The distinction between a unilateral contract and a bilateral contract is that, in the former, the offer or promise of the one party does not become binding or en-forcible until there is performance by the other party, whereas, in the latter, it is not performance which makes the contract binding, but rather the giving of a promise by the one party for the promise of the other.

The theory upon which the trial court’s decision was based, and upon which respondent now stands, is that when appellant changed certain terms in the original form of listing, she thereby made a new offer, as of that date, for a listing to cover a period of thirty days from the time of transmittal of such offer to the respondent.

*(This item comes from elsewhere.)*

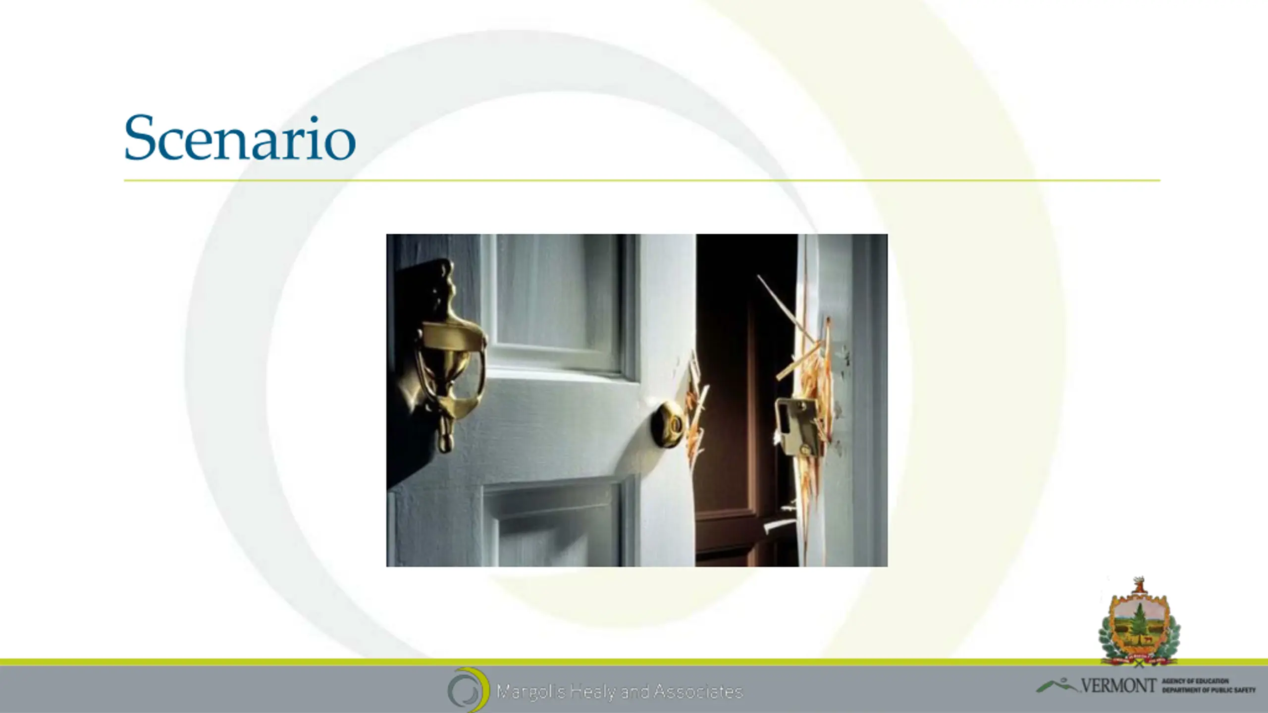 Date: Time: It is 8:45 a.m. and multiple police cruisers are seen surrounding a residential property adjacent to the school soccer field. Shortly after, the school is notified by the local police department that an armed home invasion took place at a residence located near the school.

It may be conceded that when appellant signed the listing agreement and delivered it to the respondent, she thereby for the first time gave life or legal effect to that instrument. Correspondingly, until that time respondent had nothing whatever upon which he could hold appellant liable for any commission earned by him.

However, appellant had the right to incorporate in her offer any terms or conditions she may have desired. She could select any date from which the thirty-day period was to run, regardless of whether or not the fixing of such date would result in giving respondent less than thirty days actual working time. No question of fraud is here involved, but simply a question of what appellant had the right to do, and did do. She indicated very definitely the commencement date of her listing offer by leaving it as it originally stood, namely, February 18th, although in several other respects she made changes in the instrument.

When respondent received that instrument on March 5th, he could have pursued any one of several courses: (1) He could have made an effort to perform the terms of the offer within the restricted time allotted to him; (2) he could have endeavored to persuade appellant to extend, in writing, the time allowed; or (3) he could have declined to do anything further with reference to the sale of the property. But he could not, by changing the date of the instrument, create what would amount to a new offer from the appellant to himself, nor alter the only one she had ever made to him.

We recognize the unfortunate position in which respondent is placed. He stands to lose the commission which he would otherwise have earned had he consummated the deal with his prospective purchaser two days earlier. But, in law, he failed of performance as completely and effectually as though the delay were a month or a year. Nor is the result quite as harsh as at first blush it might seem. The fact is, as appears by respondent’s letter of February 19th, that he began his efforts to sell the property, not on March 5th, when he received the listing agreement from the appellant, nor on February 27th, the date penciled in by him, but actually on February 19th, the day he himself sent the proposed agreement to the appellant for her signature. In that sense, at least, he utilized and had the benefit of the full thirty days indicated in the listing agreement.

The judgment is reversed, with direction to the trial court to dismiss the action.

Mallery, C. J., Robinson, Jeffers, and Hill, JJ., concur.